I understand they make good efforts to screen animals and potential owners. But despite their efforts, it is a total lack of social responsibility to hand over these animals. They should be banned from our communities, and they should be euthanized when surrendered.

I am not lacking in compassion for the pit bull. It has become the victim of miscreants who breed them for fighting, who own them to portray a manly man image, who mistreat them as a matter of course. These dogs are, without question, the victims of man’s ill intent. But to refuse to face up to the fact that we must take a hard stand on this issue is to contribute to an ever growing and notably dangerous problem.

Another thing that I find objectionable is that WAIF has now refused to accept surrendered pit bulls. What do they think will happen as a result? How many of those animals will be set loose to roam the streets and fend for themselves? Would it not be wiser to accept them and then euthanize them?

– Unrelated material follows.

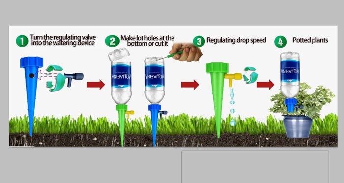 Feature 1 : Flow rate control, plant watering device with control valve can control drip speed 0-60s / 1 drip, release lasts drip for 1-15 days;

I understand that WAIF is a “minimal kill” facility. And, as a dog and cat owner and a strong supporter of the organization, I appreciate that. However, there comes a time when the citizens who did nothing to create this problem, but who have the power to take the very hard and not compassionate steps toward solving it, must step to the forefront and make those very difficult decisions.

Our city leaders are among those citizens with the power. Our caring and compassionate WAIF workers are among those citizens.

How many more adults, children, and pets must be mauled or killed before we wake up?

Are we deliberately asleep at the wheel?

Barbara Sheffield is an Oak Harbor resident.